Some notes about Oracle Backup with Veeam

Veeam introduced the oracle backup feature with version 9 and a lot of people are very excited about this, because oracle backups were one of the last bastions for the  “old guard” of enterprise backup products.

I was facing a bit of a problem here, since Oracle DB are definitively not my turf but now it is expected that I should be able to handle those in a backup/recovery case.

So, the goal of this post is to establish some basic concepts about oracles DBMS and share some notes how Veeam backup behaves when backing up oracle databases (perhaps this might interest folks who can compare this to RMAN).  Feel free to correct me, as stated above this is not my usual business.

 

Requirements

Taken directly from the Veeam documentation center, these are the requirements for enabling log shipping.

  • Veeam Backup & Replication supports archived logs backup and restore for Oracle database version 11 and later. The Oracle database may run on a Microsoft Windows VM or Linux VM.
  • Automatic Storage Management (ASM) is supported for Oracle 11 and later.
  • Oracle Express Databases are supported if running on Microsoft Windows machines only.
  • The database must run in the ARCHIVELOG mode.

So, that is that for version requirements – OK, but what is an archive log?

Oracle Logging

Redo Logs

Knowing the usual pieces  MSSQL I am familiar with transaction logs, but within oracle these are called “redo logs”. Unlike the t-log, you need to have at least two redo logs (quotes are from the oracle DB manual):

The redo log of a database consists of two or more redo log files. The database requires a minimum of two files to guarantee that one is always available for writing while the other is being archived.

Of these (at least two, more likely three) only one is written into:

LGWR (log writer) writes to redo log files in a circular fashion. When the current redo log file fills, LGWR begins writing to the next available redo log file. When the last available redo log file is filled, LGWR returns to the first redo log file and writes to it, starting the cycle again.

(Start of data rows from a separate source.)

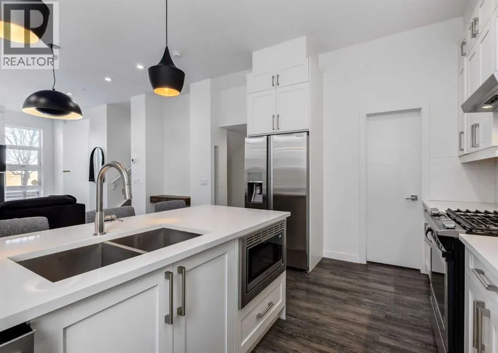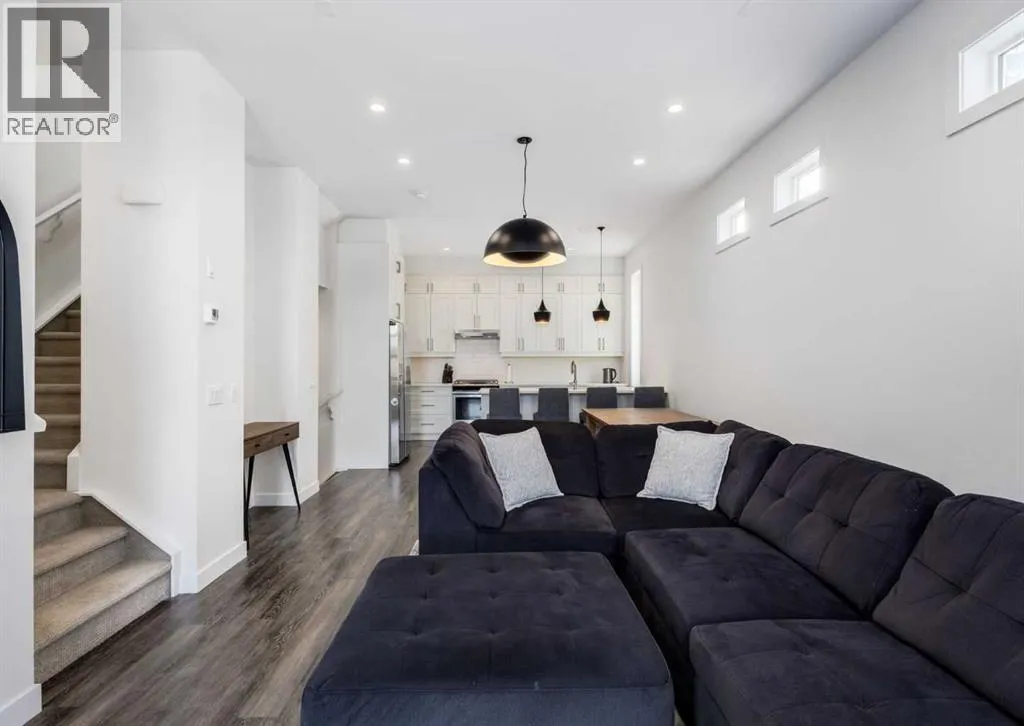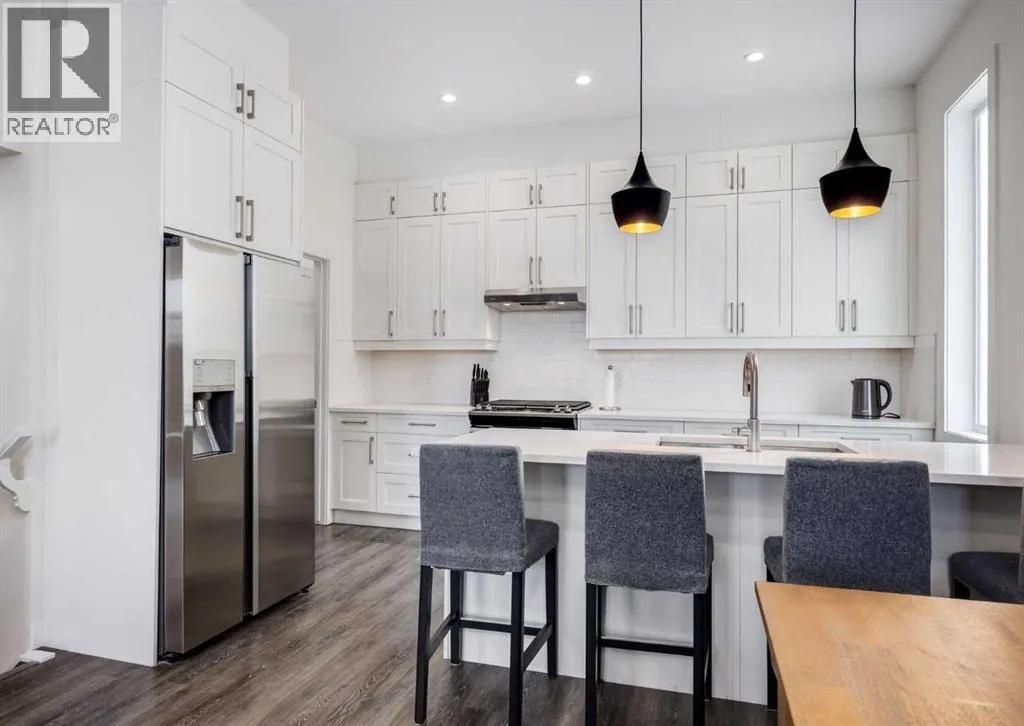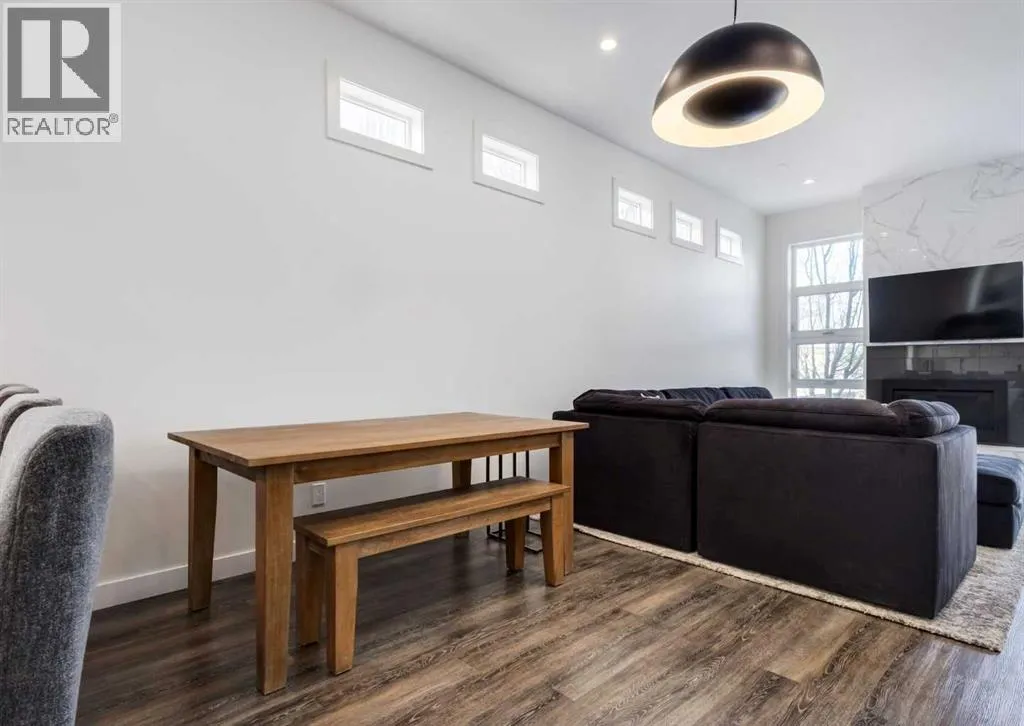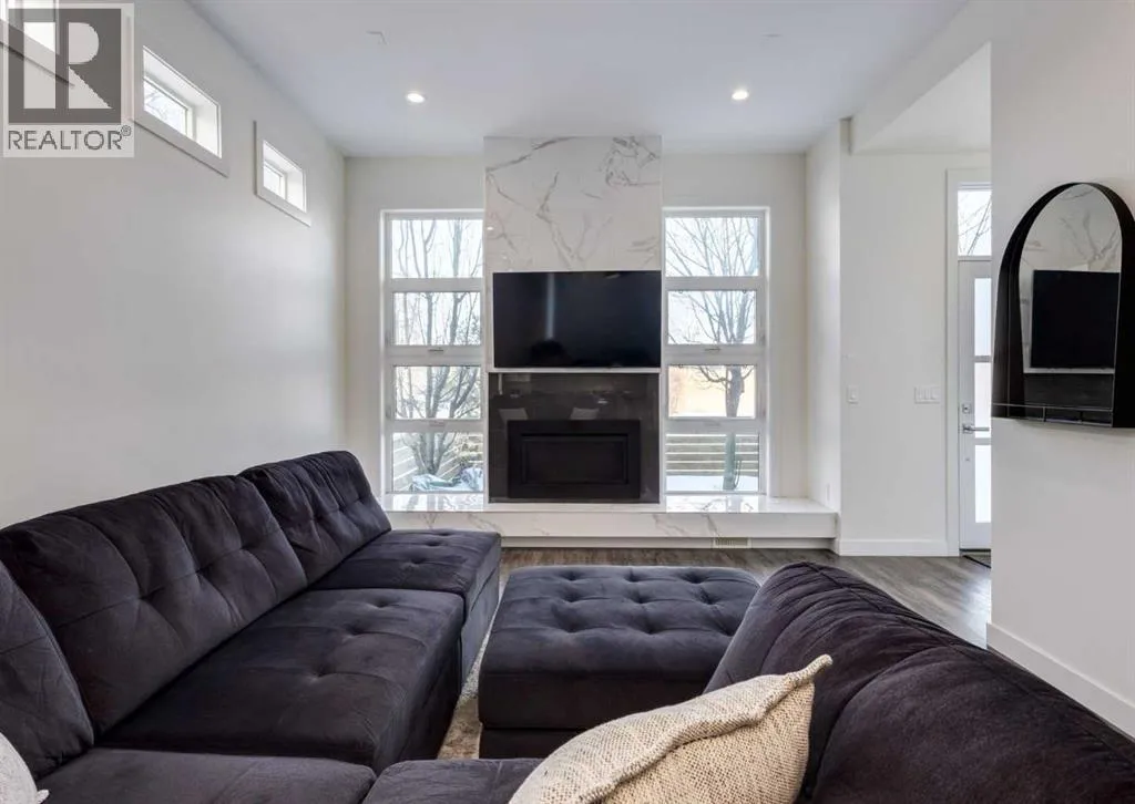 Discover contemporary elegance in this stunning two-storey townhome, perfectly situated on a quiet street in the sought-after community of Tuxedo Park. Centrally located with effortless access to downtown, trendy shops, restaurants, parks, deerfoot trail/airport and all other amenities. Spanning three thoughtfully designed levels, this modern residence boasts three bedrooms, three full bathrooms, and a convenient half bath. Flooded with natural light through oversized windows, the main floor welcomes you with impressive 10' flat ceilings that enhance the sense of space and sophistication. The open-concept layout flows seamlessly from the contemporary kitchenâideal for cooking and gatheringâto the bright living and dining areas, creating an inviting environment for both relaxed daily life and entertaining. Upstairs vaulted ceilings and a skylight create space with an airy, architectural charm. The luxurious primary retreat is a true sanctuary, featuring a spa-inspired ensuite complete with heated tile floors for comfort. An additional bedroom with itâs own ensuite and a convenient upper floor laundry complete this floor. The fully finished lower level extends the homeâs versatility with a spacious living/media room, a full bathroom, and the third bedroomâperfect as a guest suite, home gym, office, or flex space. Finished with premium upscale materials and timeless modern design throughout, this property also includes a single detached garage and outdoor patio. In one of Calgaryâs most vibrant yet peaceful inner-city neighbourhoods, this Tuxedo Park townhome combines style, thoughtful functionality, and an unbeatable location. A must-see gem that perfectly balances urban convenience with quiet retreatâready to welcome you home. Check out the video in the media link and book your private showing today! (id:27476)
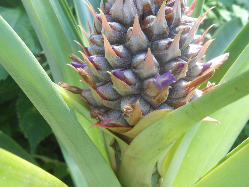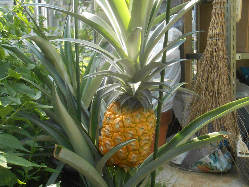 それが、今年の4月に花芽をつけ、紫色の小さな花をたくさん咲かせました。6月には実が大きくなり始め、おなじみのパイナップルの姿になってきました。その後、9月半ばには黄色に色づき、香りも漂わせ完熟しました。
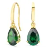 dråbeformede øreringe i 14 karat guld med blank overflade og facetsleben grøn smaragd og facetsleben hvid zirkon.
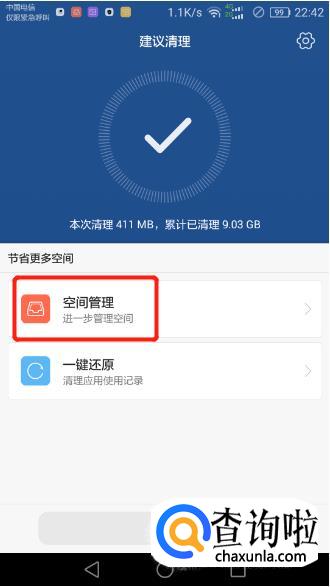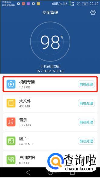 然后我们点【管理空间】,它就会自动扫描你手机上面的文件。
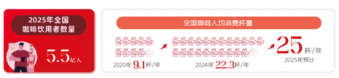 根据红餐产业研究院《2025咖饮品类发展报告》,我国消费者对咖啡的接受程度和消费频率呈上升趋势,咖啡饮用者已经达到5亿人。其中,现磨咖啡占比达45.3%,首次超越速溶咖啡成为第一大品类。这一爆发式增长的核心动力正是人均年咖啡消费频次达25杯的Z世代群体。

Notice that all logs will be overwritten at some point in time, i.e. when the log files are filled up. This would be more like the SIMPLE log model in MSSQL.

And finally some nomenclature to distinguish those logs who are being written to and those that are currently not in use:

Oracle Database uses only one redo log files at a time to store redo records written from the redo log buffer. The redo log file that LGWR is actively writing to is called the current redo log file.

Redo log files that are required for instance recovery are called active redo log files. Redo log files that are no longer required for instance recovery are called inactive redo log files.

Archived Redo Logs

I stated that we will lose the content of the logs at some point in time, the solution for keeping the logs is the ARCHIVELOG mode.

An archive log is an “archived redo log” and it will lead to us the equivalent of a FULL recovery model in MSSQL.

I am borrowing the following explanation from Oracle Terminology for the SQL Server DBA

These are redo log files that have been backed up. There are a number of ways to have Oracle automatically manage creating backups of redo log files that vary from manual to completely automated.

If the disks storing these files fills up, Oracle will not be able to write to the data files – active redo log files can’t be archived any more. To ensure safety, writes are stopped.

The last paragraph is an important one, we will come back to this later on.

 

 

Veeam with Oracle backup

 

At this point I will trust that you know how to setup a Veeam job, perhaps I find time to add this more basic stuff later on.

Most people will use a 24 hour image backup schedule for their VMs.  For reduction of RPO you would implement the “log shipping” within the application aware backup tab.

Note 1: Veeam does not use RMAN (Recovery Manager) but rather the Oracle Call Interface (OCI).

Note 2: Veeam will only delete log files will the next image backup (full or incremental), not with the log shipping.

Note 3: Veeam doesn’t delete empty log folders after clearing *.arc files

Note 4: Veeam will issue a (global) log switch as part of the backup. This archives all online redo log files, meaning that you need space on your archive log partition.

So, with note 4 in mind, image a situation where  your archive partition is quite full and you want a backup to clear it up. This might actually lead to more used space before anything can be cleared up. Also, you cannot use Veeam to clear up an already full partition. Right now, there doesn’t seem to be an option to change this.

Note 5: Behavior of Delete logs older than <N> hours or Delete logs over <N> GB may not be so obvious.

First, this will only take effect when you run a full/incremental backup (see note 2). If you let the default “delete after 24 hours” and make an image backup once a day, then you will always have nearly two days worth of logs on your disk: The last day and the current logs.